Dricore considers their product's bottom layer as a vapor barrier.

From the Dricore site: 
http://www.dricore.com/en/aboutus.aspx-
_"DRIcore is a floating subfloor made with a raised high density polyethylene *moisture barrier base* bonded to an engineered Random Wafer board designed to allow air to flow underneath the subfloor system keeping floors warm and dry."_



Bcoleman6 said:


> ...
> Also what is the best way to insulate the sill plate?


What walls will be on the concrete? I am confused, you stated this earlier: 


Bcoleman6 said:


> ...So, far I have decided on a dricore sub floor,..... I think I will frame.....on top of the dricore.....


I am not sure if you are talking about your new wall sill plates, or your existing home's sill plates (mud sills)?



Bcoleman6 said:


> ...
> I am thinking xps and great stuff. I know the drywall should be a 1/4" off the floor, does this go for the XPS also?


It is not necessary to install the XPS off the floor.
As far as installing the sheetrock 1/4" off the floor, doing so is very little protection, in terms of, avoiding mold and mildew. I suggest that you consider these options below: 

1.) Paperless sheetrock on the lower areas, and XP Board on the upper areas. 
2.) Paperless sheetrock everywhere. 

Information:

XP Board (mold/mildew resistant core, and treated paper surface): http://www.nationalgypsum.com/products/product69.aspx

Paperless Sheetrock (Mold/mildew resistant core, and surface material): http://www.gp.com/BUILD/product.aspx?pid=4659



Bcoleman6 said:


> ...
> How do I attach the XPS to the wall? I assume glue and then tape the joints.

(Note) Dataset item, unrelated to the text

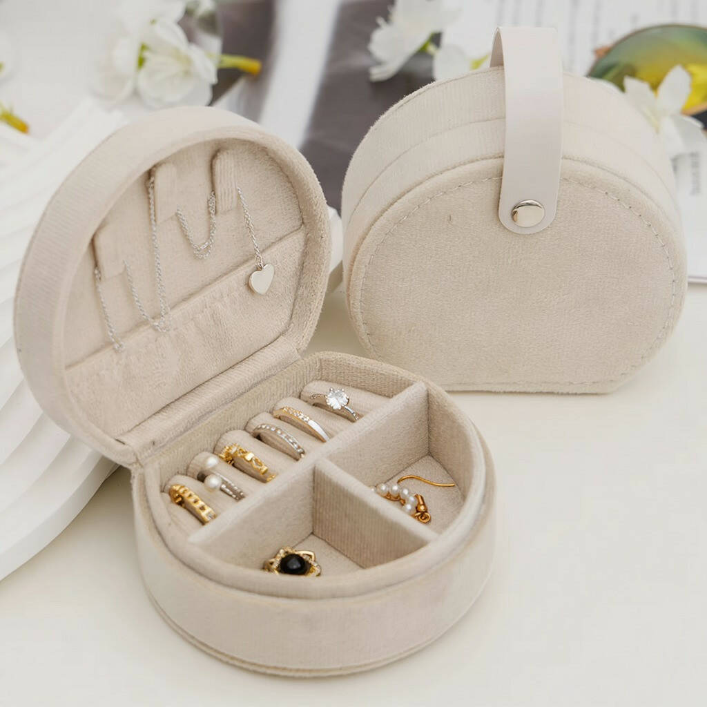 Органайзер-шкатулка для прикрас футляр для зберігання коштовностей і аксесуарів органайзер 10х9х5 см оксамит, бежевий

Yes, glue and tyvek tape would be my recommendation.

Tyvek Tape: http://www2.dupont.com/Tyvek_Construction/en_US/products/residential/products/tape.html




Bcoleman6 said:


> ...
> On a different note, and maybe this should go in a different thread. Local code states a window in the basement bedroom must be a minimum of 44" off the floor. Ours is of course 47" now we planned on just building up the floor, but we would then not have 7' between floor and ceiling which is a code violation. So, our options are: 1. build the bedroom so the the back door is in the room (it is a walkout basement. 2. Cut the concrete down so it is 44" off the ground and install a new window. Is option 2 even possible. I hope so because I really don't like option 1.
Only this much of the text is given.